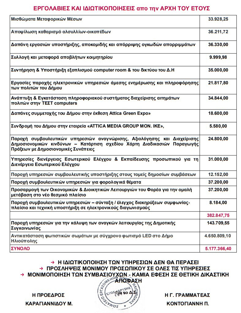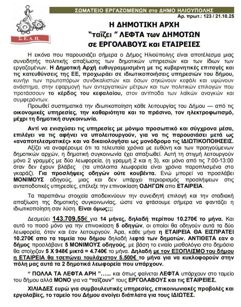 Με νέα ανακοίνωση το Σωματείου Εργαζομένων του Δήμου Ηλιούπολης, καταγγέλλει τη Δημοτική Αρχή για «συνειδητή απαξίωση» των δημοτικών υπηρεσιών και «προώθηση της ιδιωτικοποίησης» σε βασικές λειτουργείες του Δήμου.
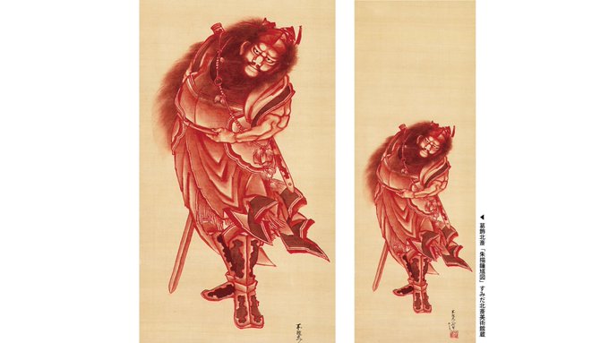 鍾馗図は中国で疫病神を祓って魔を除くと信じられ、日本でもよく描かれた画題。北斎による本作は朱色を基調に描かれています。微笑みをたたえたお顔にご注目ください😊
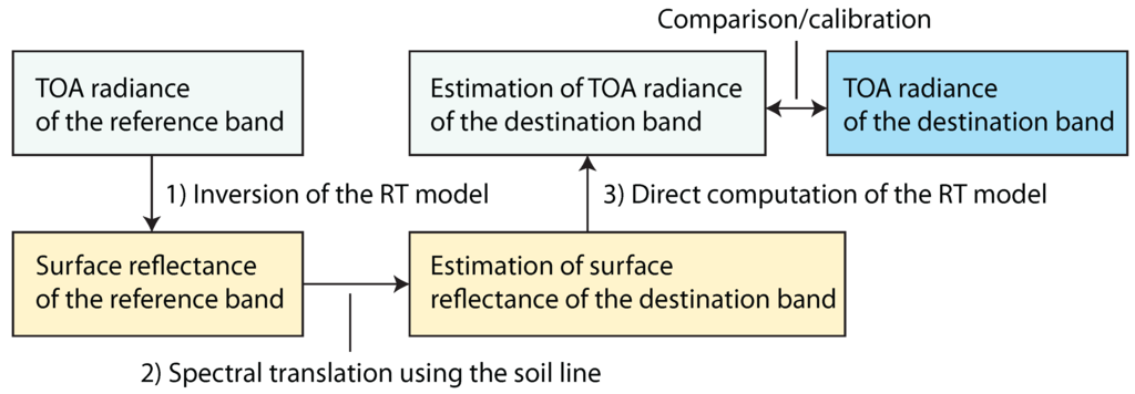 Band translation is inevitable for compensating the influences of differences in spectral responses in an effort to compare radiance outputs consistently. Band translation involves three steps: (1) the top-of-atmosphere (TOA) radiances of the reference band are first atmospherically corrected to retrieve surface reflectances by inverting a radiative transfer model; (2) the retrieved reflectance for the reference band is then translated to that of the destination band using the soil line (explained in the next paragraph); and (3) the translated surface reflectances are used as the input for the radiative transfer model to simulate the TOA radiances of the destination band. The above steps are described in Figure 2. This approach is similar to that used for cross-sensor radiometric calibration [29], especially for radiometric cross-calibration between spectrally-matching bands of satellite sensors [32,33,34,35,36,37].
━━━━━━━━━━
What you need to do:
Reproduce the listing above exactly, without a single picture.

Completed task:
 Με νέα ανακοίνωση το Σωματείου Εργαζομένων του Δήμου Ηλιούπολης, καταγγέλλει τη Δημοτική Αρχή για «συνειδητή απαξίωση» των δημοτικών υπηρεσιών και «προώθηση της ιδιωτικοποίησης» σε βασικές λειτουργείες του Δήμου.
 鍾馗図は中国で疫病神を祓って魔を除くと信じられ、日本でもよく描かれた画題。北斎による本作は朱色を基調に描かれています。微笑みをたたえたお顔にご注目ください😊
 Band translation is inevitable for compensating the influences of differences in spectral responses in an effort to compare radiance outputs consistently. Band translation involves three steps: (1) the top-of-atmosphere (TOA) radiances of the reference band are first atmospherically corrected to retrieve surface reflectances by inverting a radiative transfer model; (2) the retrieved reflectance for the reference band is then translated to that of the destination band using the soil line (explained in the next paragraph); and (3) the translated surface reflectances are used as the input for the radiative transfer model to simulate the TOA radiances of the destination band. The above steps are described in Figure 2. This approach is similar to that used for cross-sensor radiometric calibration [29], especially for radiometric cross-calibration between spectrally-matching bands of satellite sensors [32,33,34,35,36,37].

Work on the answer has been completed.